-- SUPPLIED MATERIAL --
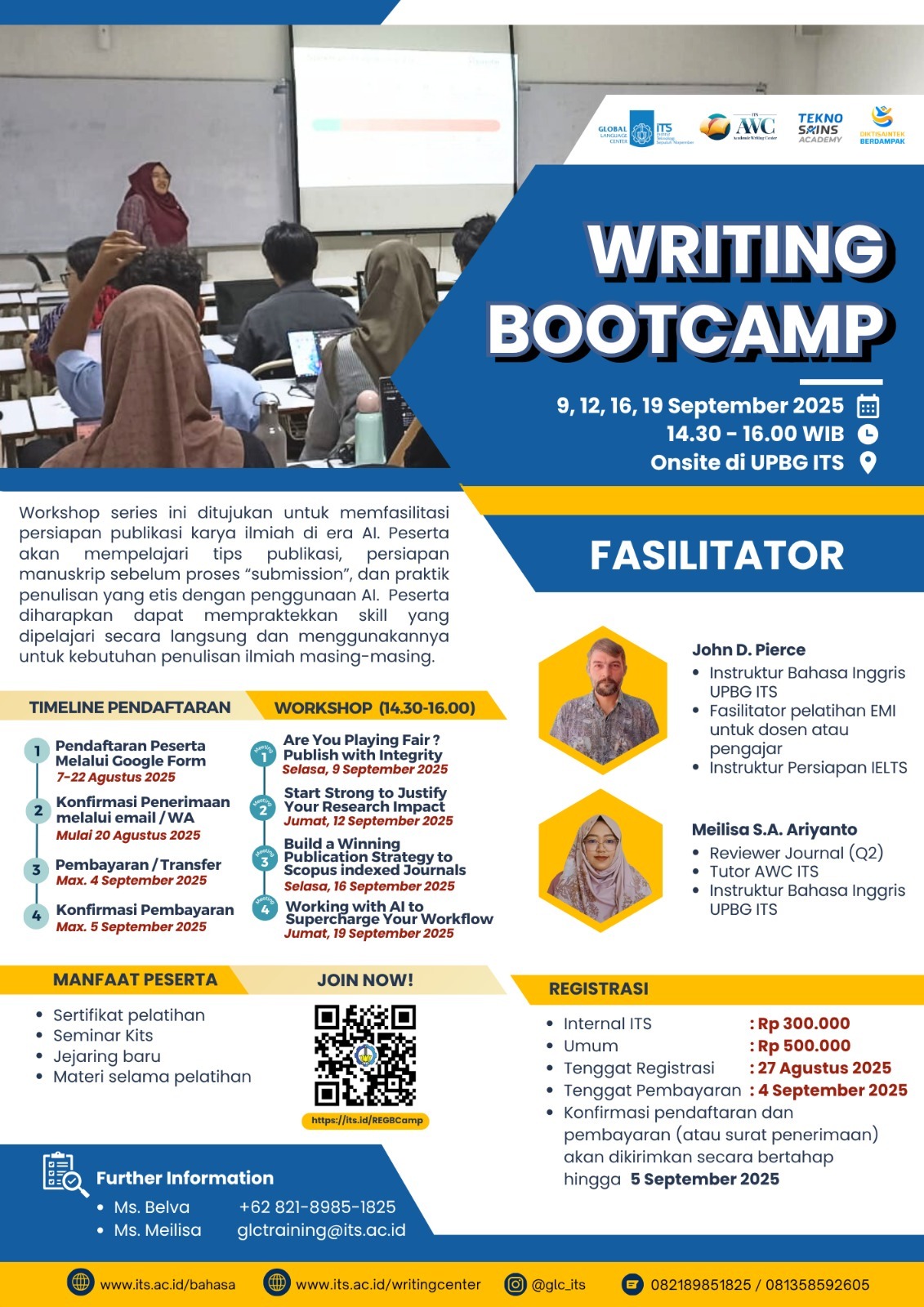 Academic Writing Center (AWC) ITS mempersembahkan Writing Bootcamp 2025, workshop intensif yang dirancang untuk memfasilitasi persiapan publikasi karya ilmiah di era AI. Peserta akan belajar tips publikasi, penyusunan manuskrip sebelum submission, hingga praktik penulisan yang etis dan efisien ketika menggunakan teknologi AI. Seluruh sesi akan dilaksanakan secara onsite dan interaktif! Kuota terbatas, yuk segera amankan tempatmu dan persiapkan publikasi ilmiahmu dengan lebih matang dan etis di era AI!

---

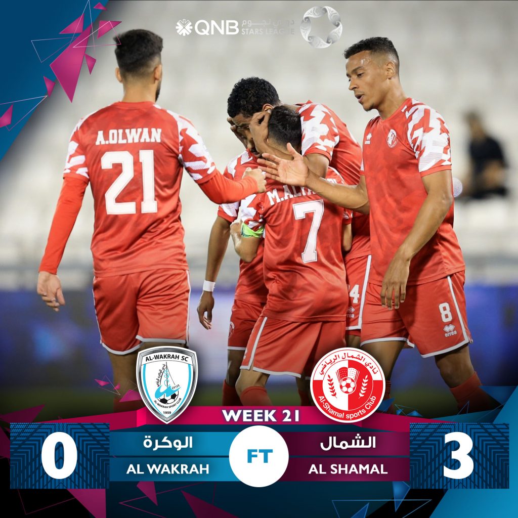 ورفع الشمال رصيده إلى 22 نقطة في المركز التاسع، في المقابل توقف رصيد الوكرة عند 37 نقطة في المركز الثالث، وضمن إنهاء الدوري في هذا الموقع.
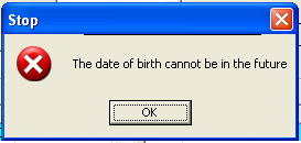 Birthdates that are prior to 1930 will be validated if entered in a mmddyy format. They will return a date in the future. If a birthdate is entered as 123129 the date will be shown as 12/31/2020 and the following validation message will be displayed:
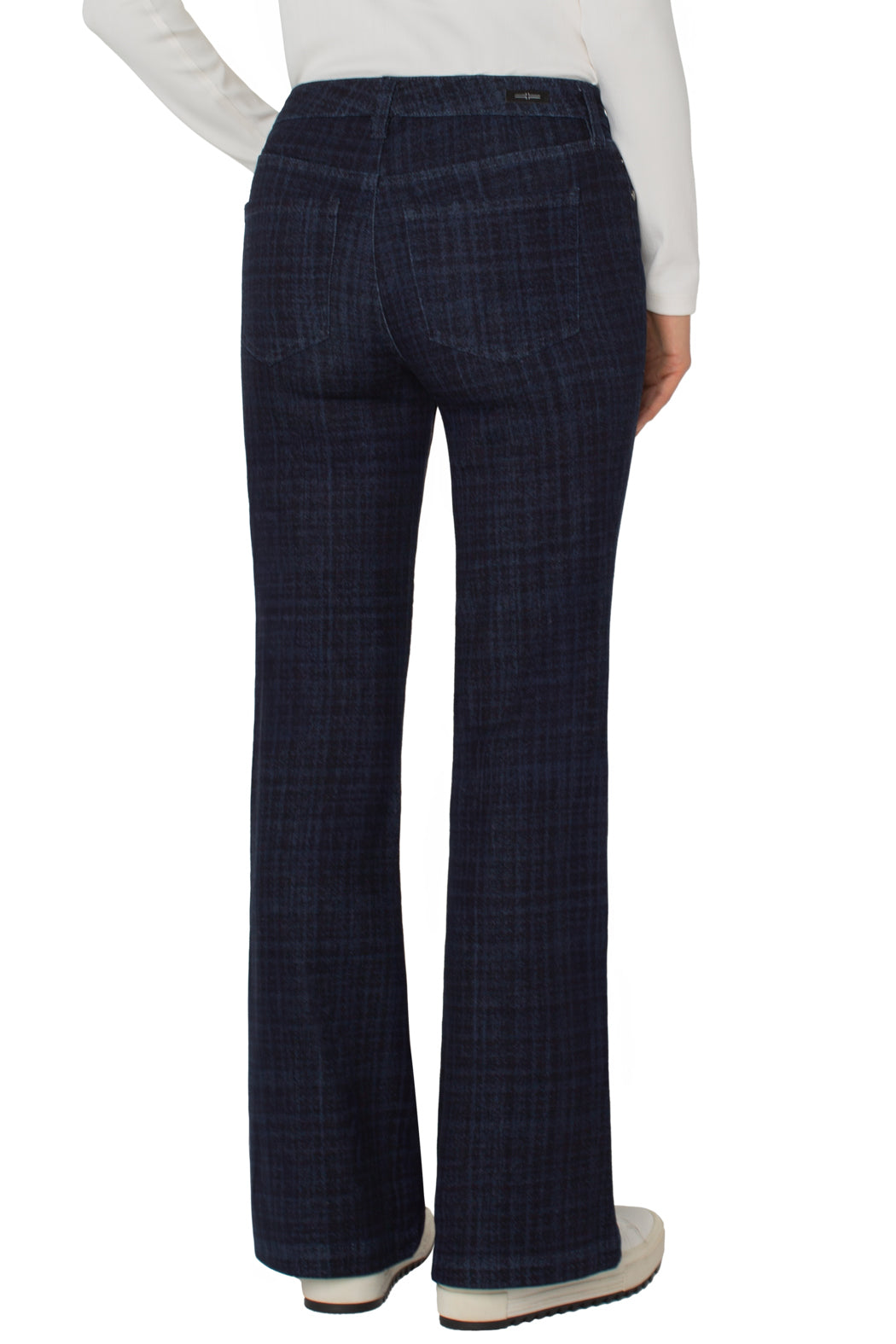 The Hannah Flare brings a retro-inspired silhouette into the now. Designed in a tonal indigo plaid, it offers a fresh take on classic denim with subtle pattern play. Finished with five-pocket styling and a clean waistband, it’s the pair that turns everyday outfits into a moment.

-- WHAT YOU NEED TO DO --
Look back at the data above, then output exactly the lines from the line holding "Birthdates that are" up to and including the line holding "The Hannah Flare". Leave out the pictures.

-- RESPONSE TO THE EXERCISE --
 Birthdates that are prior to 1930 will be validated if entered in a mmddyy format. They will return a date in the future. If a birthdate is entered as 123129 the date will be shown as 12/31/2020 and the following validation message will be displayed:
 The Hannah Flare brings a retro-inspired silhouette into the now. Designed in a tonal indigo plaid, it offers a fresh take on classic denim with subtle pattern play. Finished with five-pocket styling and a clean waistband, it’s the pair that turns everyday outfits into a moment.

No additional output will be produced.